The provider had made improvements to ensure systems in place to monitor outcomes for people were fully embedded. Care plans were reviewed and amended if people’s needs changed. There was a system in place to monitor when reviews had been carried out. Calls to people to seek feedback were undertaken on a monthly basis. Annual surveys were also undertaken.
Consent to care and treatment
Overall, people told us staff respected their rights and sought consent to provide care. They said, “Yes, I’m able to tell them what I need”; “They don’t do anything they’re not supposed to do, they are friendly” and “They’re respectful and kind.”

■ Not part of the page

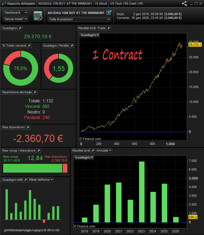 Market and time frame: The strategy can only be used on the NASDAQ index with a 15 minute time frame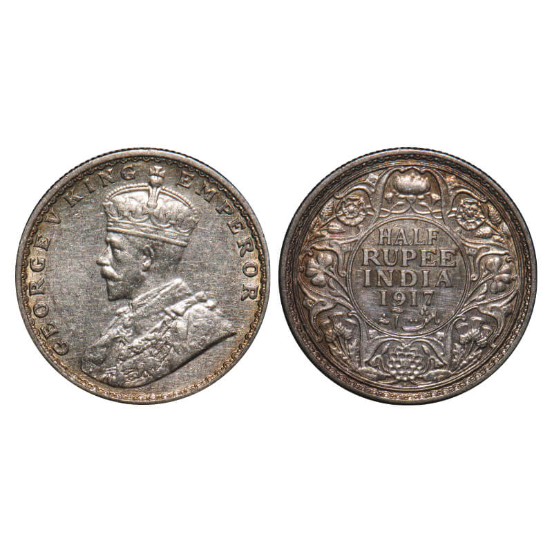 George V, Silver, Half Rupee, 1917, Bombay Mint, Dot. F. Prid 341. GK 1055. Extremely Fine. Scarce.

Staff were aware of the importance of seeking consent to provide care and respecting people’s wishes. They told us, “The first thing you do, you have to gain consent” and “Every day I will introduce myself. Will explain what I'm going to do. Ask their permission for any personal care, as they have a right to refuse”. Staff recorded where people's relatives held Lasting Power of Attorney and ensured these were registered if in use. The registered manager understood their duty to protect people’s rights and obtain consent where possible.
Processes were in place to ensure people's rights and wishes were respected. The provider had introduced a consent to care form which staff discussed with the person, during the assessment stage, prior to any care being provided. of the assessment process. Within the assessment process, staff considered if there were any potential restrictions in place and if so whether the person was able to consent to these. There were capacity assessments available for use, if staff had concerns about a person's capacity to make a decision. Staff undertook training and completed a workbook in relation to The Mental Capacity Act 2005. In one case, there was some contradictory information, as a person's assessment stated they did not have capacity to decide on their health and wellbeing, but they had signed a consent form. The registered manager reviewed this and confirmed this had been an administrative error. They also completed a capacity assessment to clarify and amended the records accordingly.